_Records for this exercise_:
▼

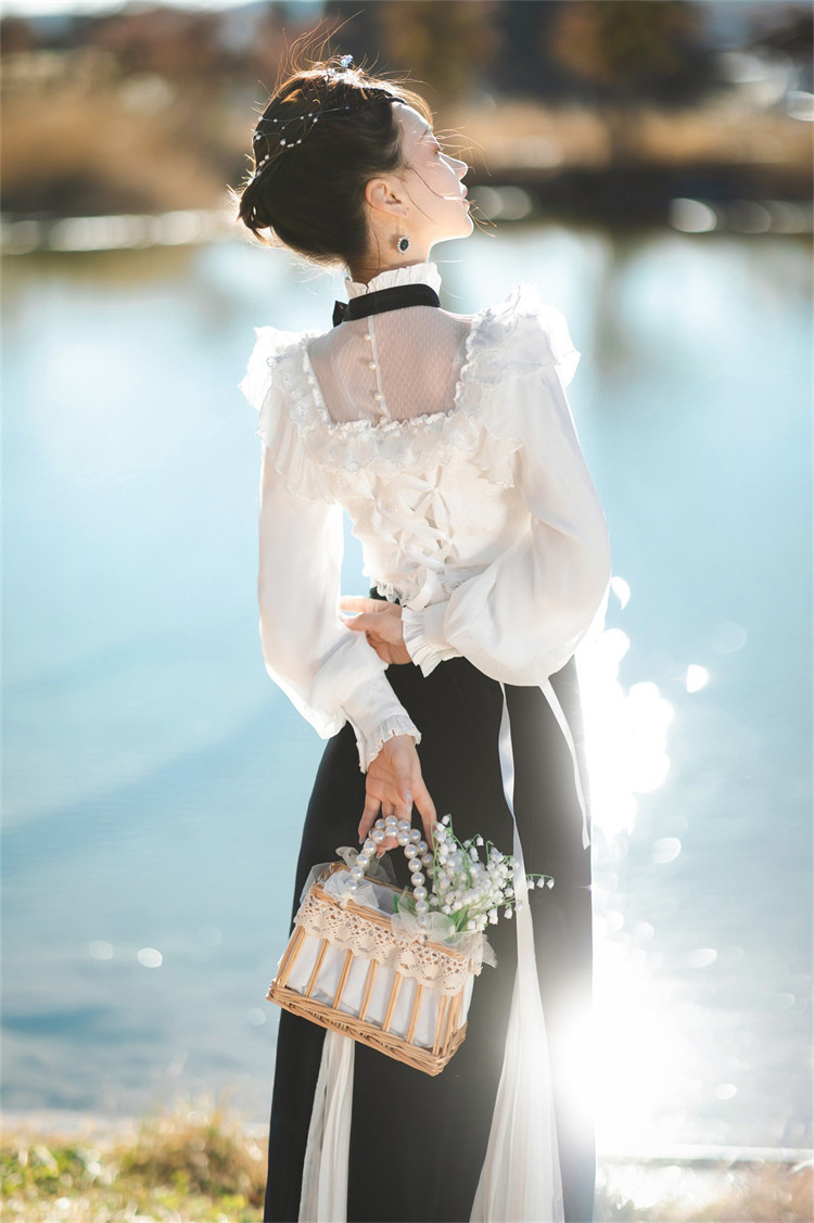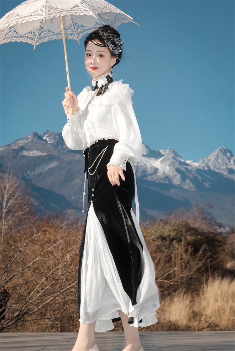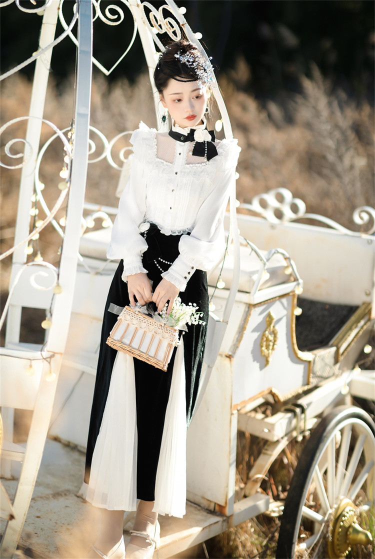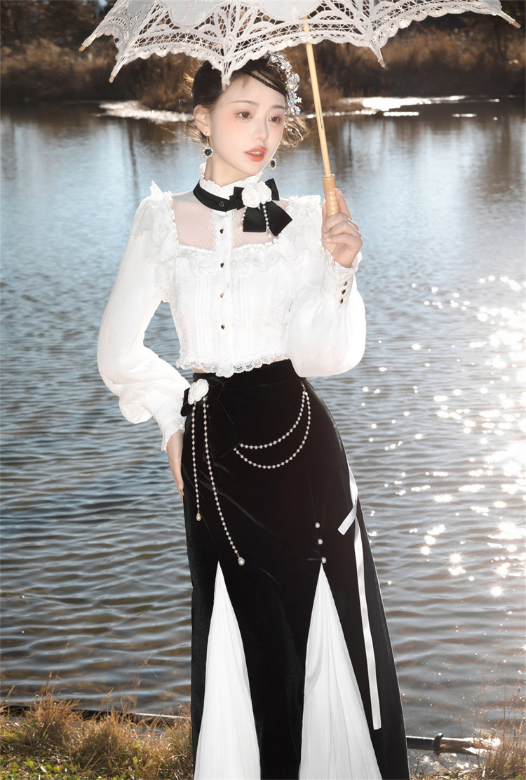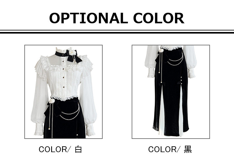商品名 ロリータ レディース 2点セット ブラウス スカート 立ち襟 フリル マーメイドスカート ピンタック 姫様
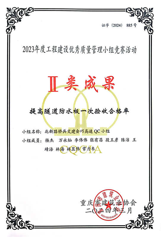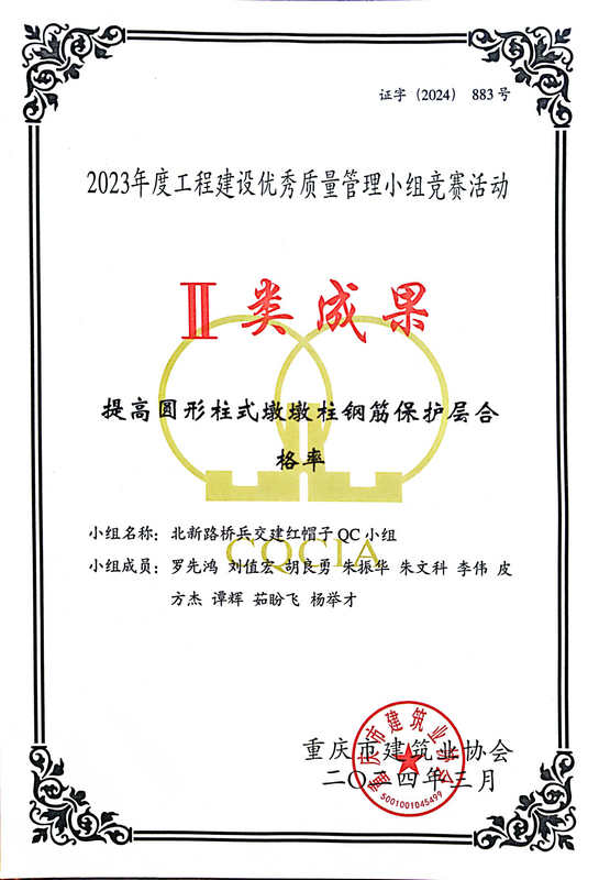 2023年,該公司青年創(chuàng)新攻關小組在公司的大力支持下,自主開展技術創(chuàng)新、體制創(chuàng)效活動,大力提升質(zhì)量管理小組活動成果水平,及時將活動成果運用到公司所屬工程項目中并取得了優(yōu)異的成績。申報10項QC成果全部通過重慶市建筑業(yè)協(xié)會評審。
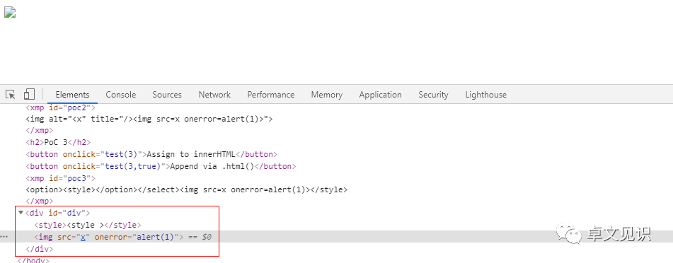 虽然三个poc都使用了包含onerror事件的img标签,但其实它们是放在属性或style元素内部,因此会绕过HTML清理器。
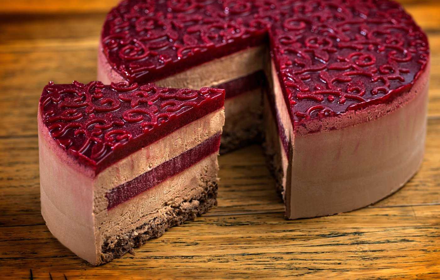 - Слои чередуют так: тесто, вишни, шоколадный мусс. Застывает лакомство 3 ч. (при низкой температуре).
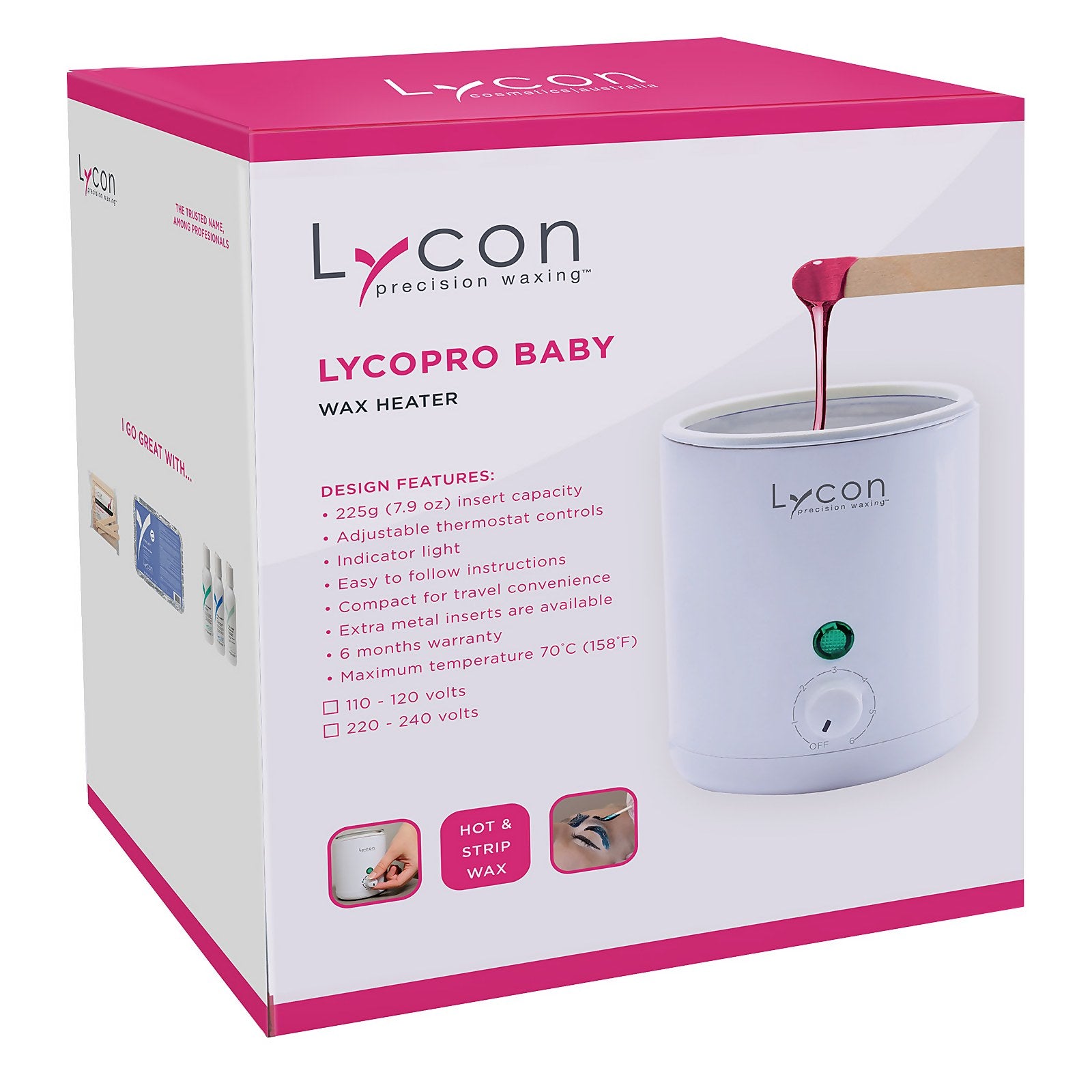 Our LYCOPRO Baby Wax Heater, perfect for small work stations, mobile salons or make up artists. This no fuss 225G wax heater is convenient, compact and ideal for facial waxing including brows, lip and nose. Suitable for both hot and strip wax with removable insert included.
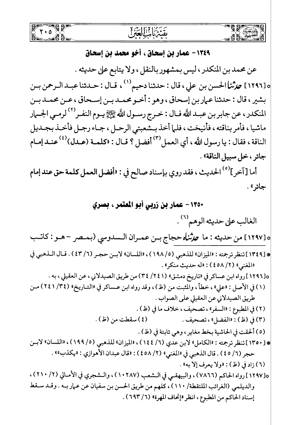 (4) * [1347] تنظر ترجمته: «المجروحين» لابن حبان (2/ 188) , «الكامل» لابن عدي (6/ 135) , «الضعفاء» لأبي نعيم (ص121) , «الميزان» للذهبي (5/ 200) , «اللسان» لابن حجر (9/ 377). قال ابن حجر في «التقريب» (ص407): «ضعيف الحديث، عابدا» , وقال الذهبي في «المغني» (2/ 459): «ضعفه أبو حاتم وغيره».
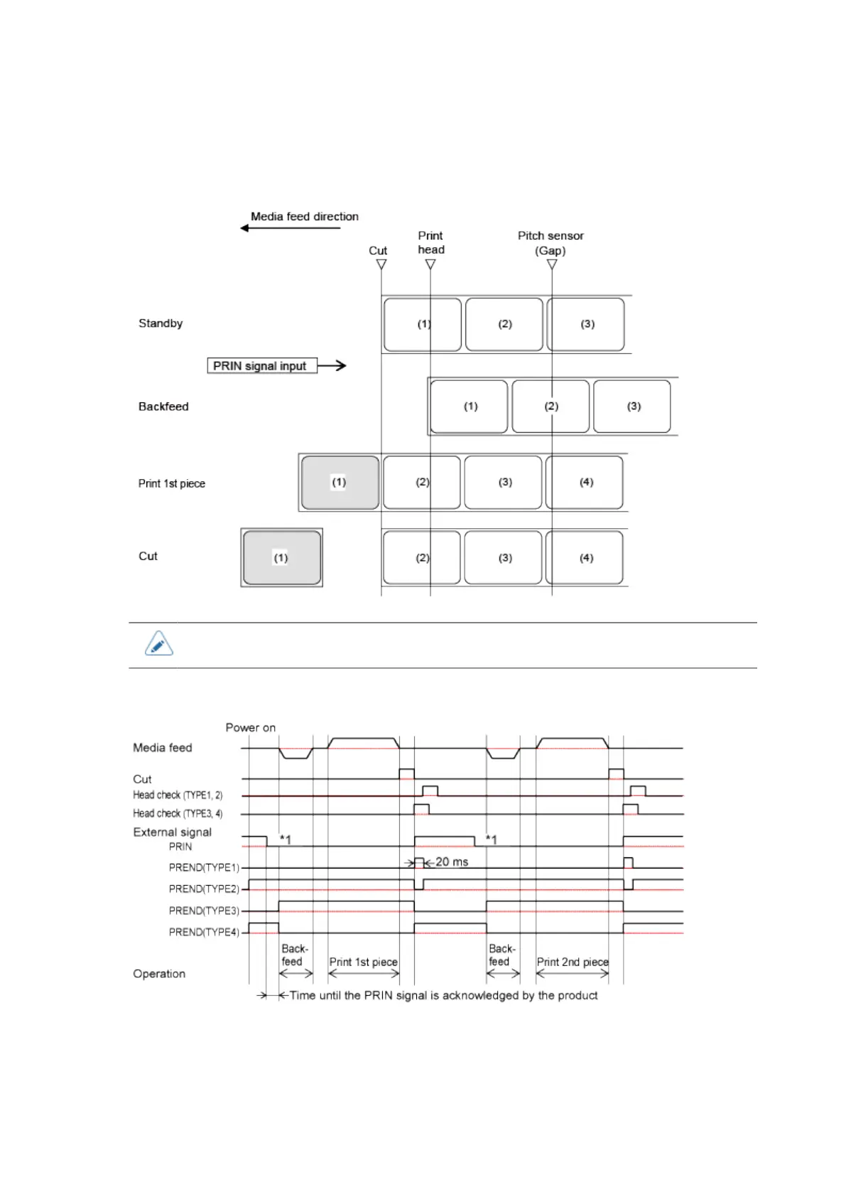 Operation 22: Cutter Mode, Backfeed Before Printing, and with Pulse Input (Head
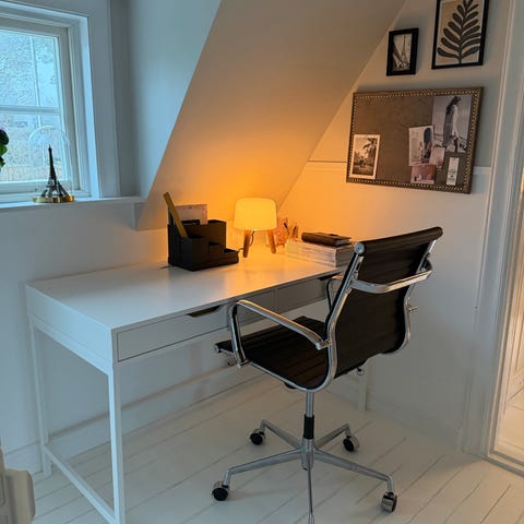 Stilrent skrivbord i snygg blå färg. Två lådor för förvaring och praktiskt fack för sladdar.
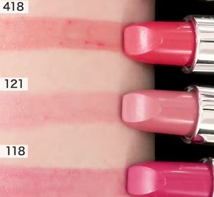 418番を下地として塗り、121番を重ねるとgood。きれいなヌーディーリップが出来上がります♪
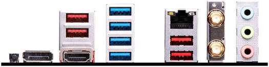 | BACK PANEL PORTS | USB 3.2 Gen 2 10Gbps (Type-A) USB 3.2 Gen 1 5Gbps (Type-A) 2.5G LAN Wi-Fi / Bluetooth Audio connectors Flash BIOS Button DisplayPort HDMI™ USB 3.2 Gen 2 10Gbps (Type-A) |

▲

_Task instructions_: In transcribing the lines above, omit the images and keep all else exact.

_Answer section_:
商品名 ロリータ レディース 2点セット ブラウス スカート 立ち襟 フリル マーメイドスカート ピンタック 姫様
 2023年,該公司青年創(chuàng)新攻關小組在公司的大力支持下,自主開展技術創(chuàng)新、體制創(chuàng)效活動,大力提升質(zhì)量管理小組活動成果水平,及時將活動成果運用到公司所屬工程項目中并取得了優(yōu)異的成績。申報10項QC成果全部通過重慶市建筑業(yè)協(xié)會評審。
 虽然三个poc都使用了包含onerror事件的img标签,但其实它们是放在属性或style元素内部,因此会绕过HTML清理器。
 - Слои чередуют так: тесто, вишни, шоколадный мусс. Застывает лакомство 3 ч. (при низкой температуре).
 Our LYCOPRO Baby Wax Heater, perfect for small work stations, mobile salons or make up artists. This no fuss 225G wax heater is convenient, compact and ideal for facial waxing including brows, lip and nose. Suitable for both hot and strip wax with removable insert included.
 (4) * [1347] تنظر ترجمته: «المجروحين» لابن حبان (2/ 188) , «الكامل» لابن عدي (6/ 135) , «الضعفاء» لأبي نعيم (ص121) , «الميزان» للذهبي (5/ 200) , «اللسان» لابن حجر (9/ 377). قال ابن حجر في «التقريب» (ص407): «ضعيف الحديث، عابدا» , وقال الذهبي في «المغني» (2/ 459): «ضعفه أبو حاتم وغيره».
 Operation 22: Cutter Mode, Backfeed Before Printing, and with Pulse Input (Head
 Stilrent skrivbord i snygg blå färg. Två lådor för förvaring och praktiskt fack för sladdar.
 418番を下地として塗り、121番を重ねるとgood。きれいなヌーディーリップが出来上がります♪
 | BACK PANEL PORTS | USB 3.2 Gen 2 10Gbps (Type-A) USB 3.2 Gen 1 5Gbps (Type-A) 2.5G LAN Wi-Fi / Bluetooth Audio connectors Flash BIOS Button DisplayPort HDMI™ USB 3.2 Gen 2 10Gbps (Type-A) |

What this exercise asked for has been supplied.